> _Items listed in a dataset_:
=====
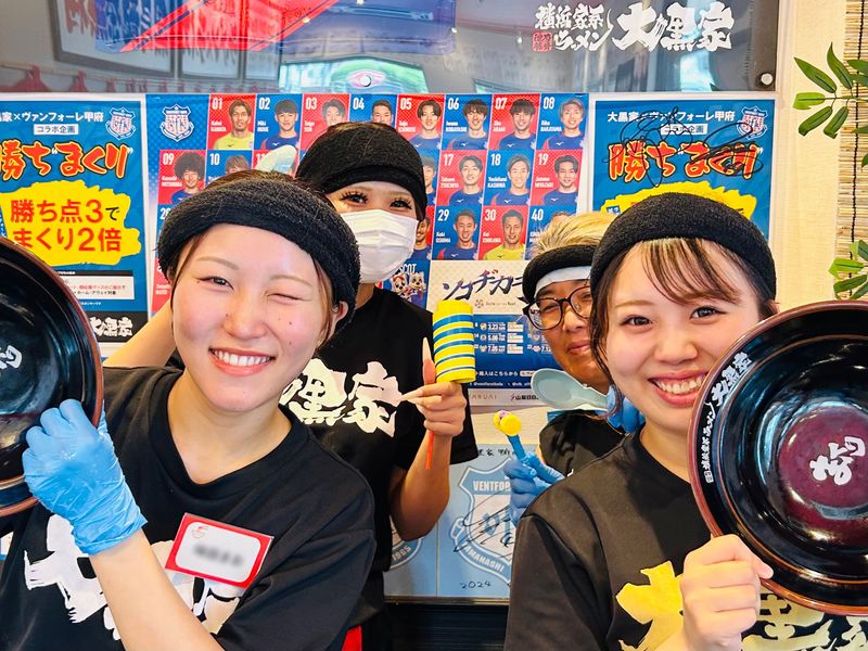 仕事内容 \未経験&バイトデビュー大歓迎!/ 元気と笑顔があふれる人気の飲食店、 家系ラーメン店で新しい仲間を大募集! 髪型・髪色・ネイルも自由だから、 あなたらしく働けます ラーメン店でのホール業務とキッチン補助のお仕事 券売機制なので、難しいレジ業務はありません! ◎ホール お客様のご案内、食券の確認、ラーメンの提供 テーブルの片付け など ◎キッチン・洗い場 簡単な調理補助(盛り付け、食材のカットなど) 仕込みの手伝い、洗い場(食洗機完備!) 未経験でも大丈夫! 最初は「いらっしゃいませ!」と元気に言えればOK! 先輩が丁寧にサポートするので、飲食店での 勤務が初めての方も安心です。 当店のポイント ◎自由なシフトで働きやすい! 週2日・1日3h~勤務OK!「学校終わりに」 「土日だけ」など、あなたの都合に合わせて働けます。 ◎しっかり稼げる! 土日祝は時給100円UP!深夜手当や昇給制度、 皆勤手当もあり、頑張りが給与に反映されます。 ◎絶品まかないが無料! ラーメンやチャーシュー丼など お店の全メニューが無料で食べられます! ◎オシャレを我慢しない! 髪型・髪色・ネイル・ヒゲもALL自由! ※規定あり ◎和気あいあいとした職場! 店長を中心に、学生から主婦パートさん、 中高年・シニア層まで幅広いスタッフが活躍中! [給与・手当] 時給:1,150円~1,563円 土日祝は時給+100円(時給1,250円) 深夜手当あり/昇給あり/皆勤手当あり 無料駐車場あり! ※基本時給は面接時にご案内します - - - - - - - - - - - - - - - - - - - - - - - - - - - - - - - - - - - - - - - - - - - - - 株式会社AO(あお)は、甲府市を拠点に 飲食・美容・不動産事業を展開する成長企業です。 2010年設立(旧:ダイタリビング)以来、 横浜家系ラーメン大黒家や豚彦、東京油組総本店、 イタリアンバルCONA、焼売のジョーなど、 地域で行列のできる人気店を次々と生み出してきました。 2023年には社名変更とともに美容室事業へも参入し、 現在約180名の従業員とともに さらなる飛躍を目指しています。 私たちが何より大切にしているのは、 【思い出に残る体験】をお客様に届けることです。 そして、最高のサービスを提供するためには、 まず働くスタッフ自身が幸せであることが 不可欠だと考えています。 自分の幸せはお客様の幸せとイコールであるという想いを 全社で共有し、スタッフ一人ひとりが 誇りと喜びを持って働ける、 温かくエネルギーに満ちた環境づくりを追求しています。 お店は単なる箱ではなく、 人と人が関わり合う生き物です。 安定した経営基盤と挑戦できるフィールドがある当社で、 あなたの個性を活かし、 山梨に新しい価値を生み出していきませんか。 熱意あるあなたとお会いできることを楽しみにしています。 - - - - - - - - - - - - - - - - - - - - - - - - - - - - - - - - - - - - - - - - - - - - - 最後までお読みいただきありがとうございます。 少しでも気になった方は、お気軽にお問い合わせください。 あなたにお会いできることを楽しみにしています!
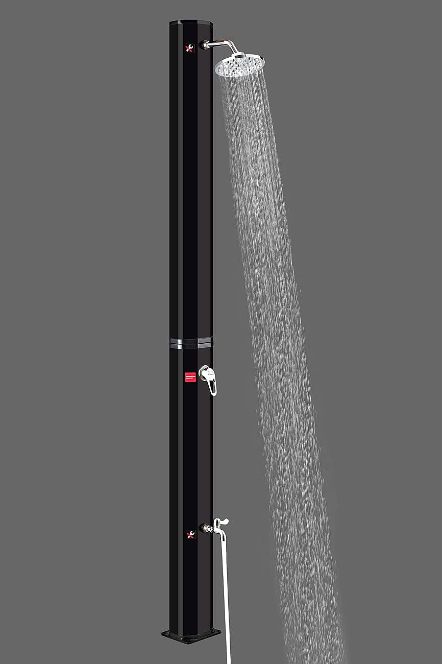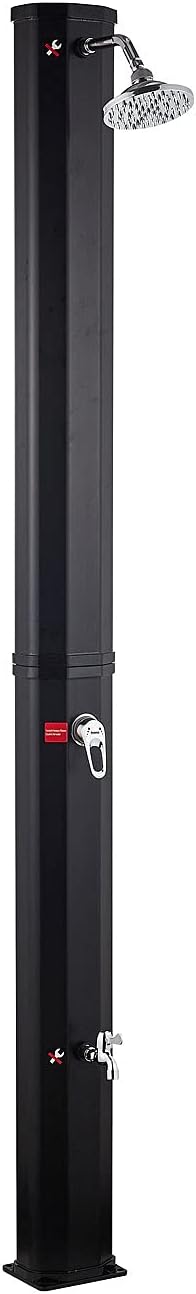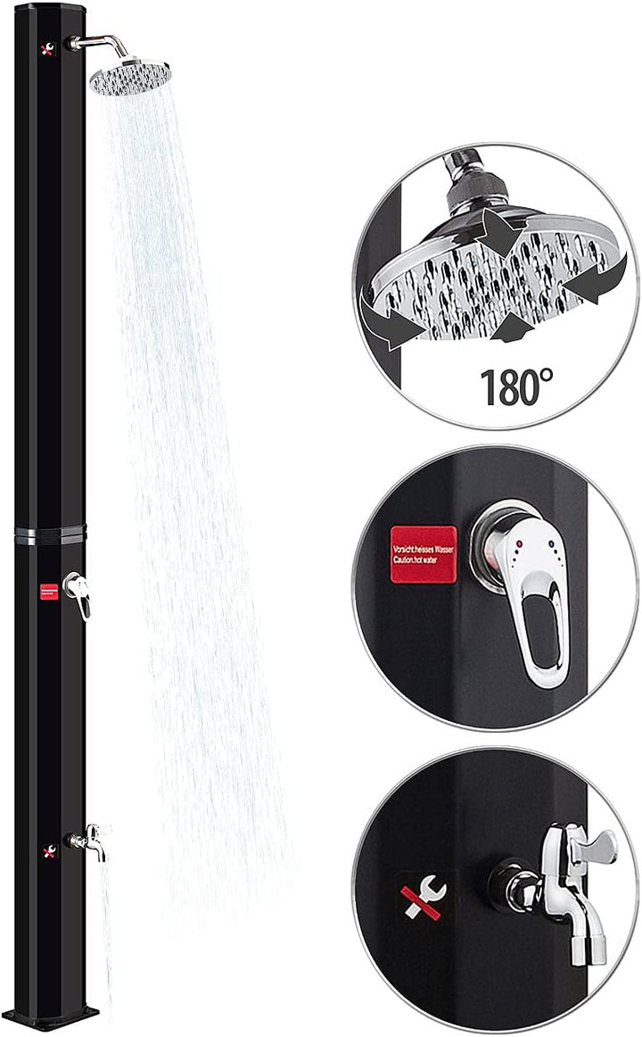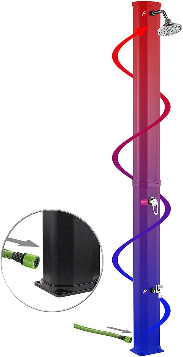 - Benötigt keinen Strom: Wasser erhitzt durch Sonnenenergie • Mit Anschluss an handelsüblichen Gartenschlauch • Sicherer Stand: Bodenplatte wird fest im Boden verankert
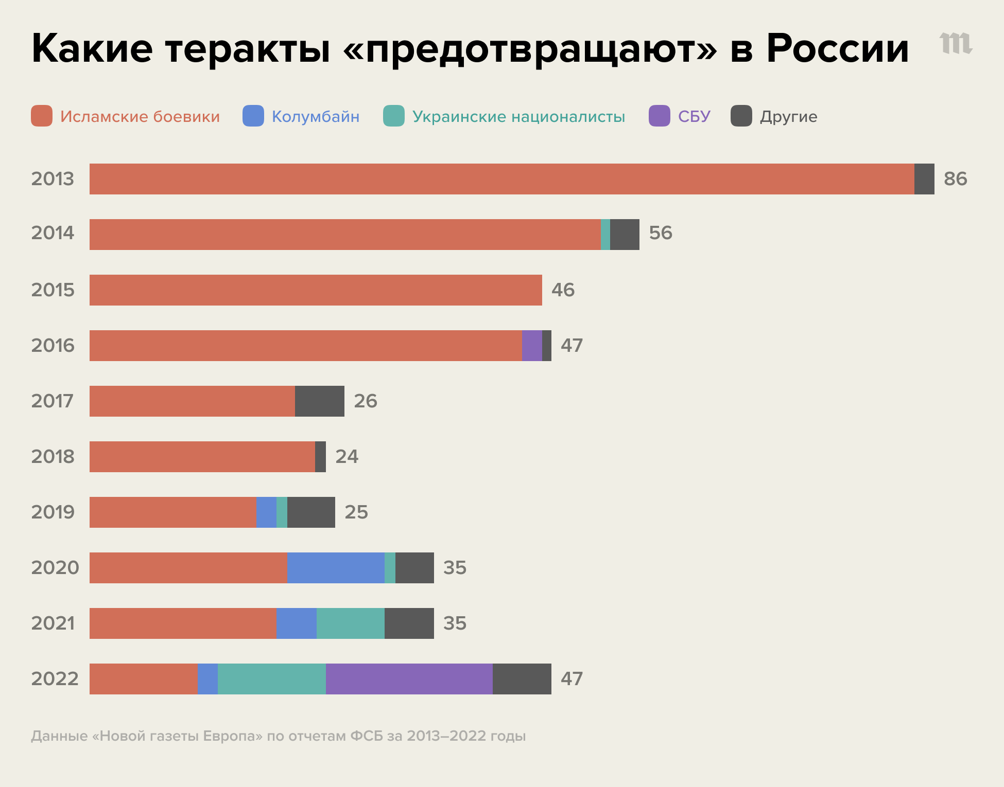 Если в начале 2010-х спецслужбы «предотвращали» теракты только в среде «исламистского подполья», то к концу десятилетия на смену таким терактам пришли «колумбайны» (10 «предотвращенных» терактов в 2020 году, когда из-за ковида школьники находились на дистанционном обучении), а затем преступления, приписываемые СБУ и «украинским националистам» (17 и 11 «предотвращенных» терактов в 2022 году соответственно).
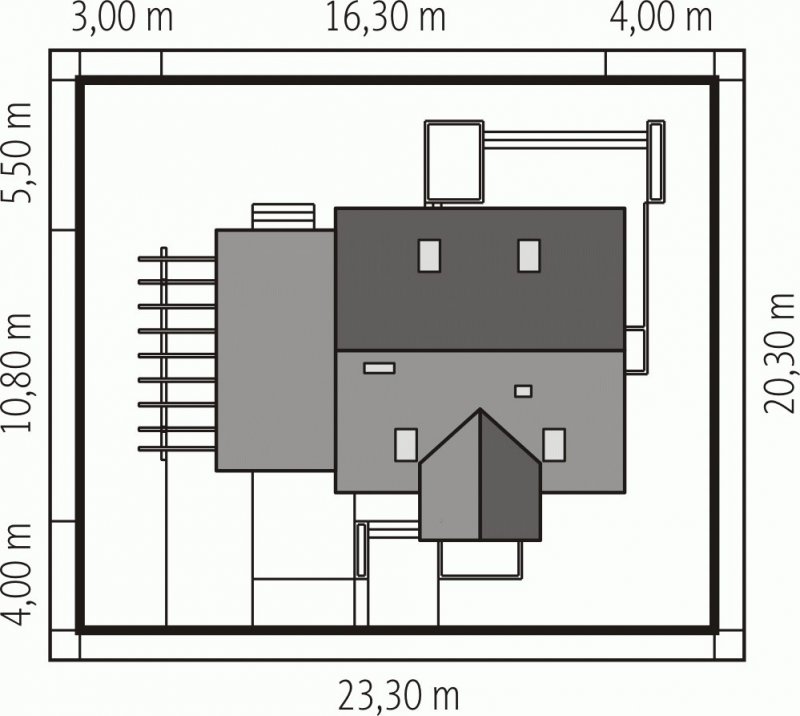 - Min. wymiary działki 23.30x20.30 m
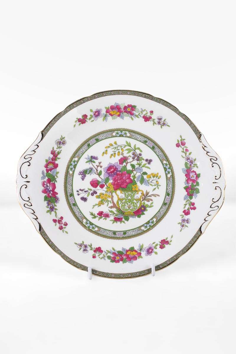 Tree Of Kashmir Pattern 2 Handled Cake Plate with Red and Grey Floral Pattern
=====
> _Assignment_: Every line from the one containing "Если в начале" through the final line of the records above is to be written out exactly; nothing else, and no pictures.

> _Written answer_:
 Если в начале 2010-х спецслужбы «предотвращали» теракты только в среде «исламистского подполья», то к концу десятилетия на смену таким терактам пришли «колумбайны» (10 «предотвращенных» терактов в 2020 году, когда из-за ковида школьники находились на дистанционном обучении), а затем преступления, приписываемые СБУ и «украинским националистам» (17 и 11 «предотвращенных» терактов в 2022 году соответственно).
 - Min. wymiary działki 23.30x20.30 m
 Tree Of Kashmir Pattern 2 Handled Cake Plate with Red and Grey Floral Pattern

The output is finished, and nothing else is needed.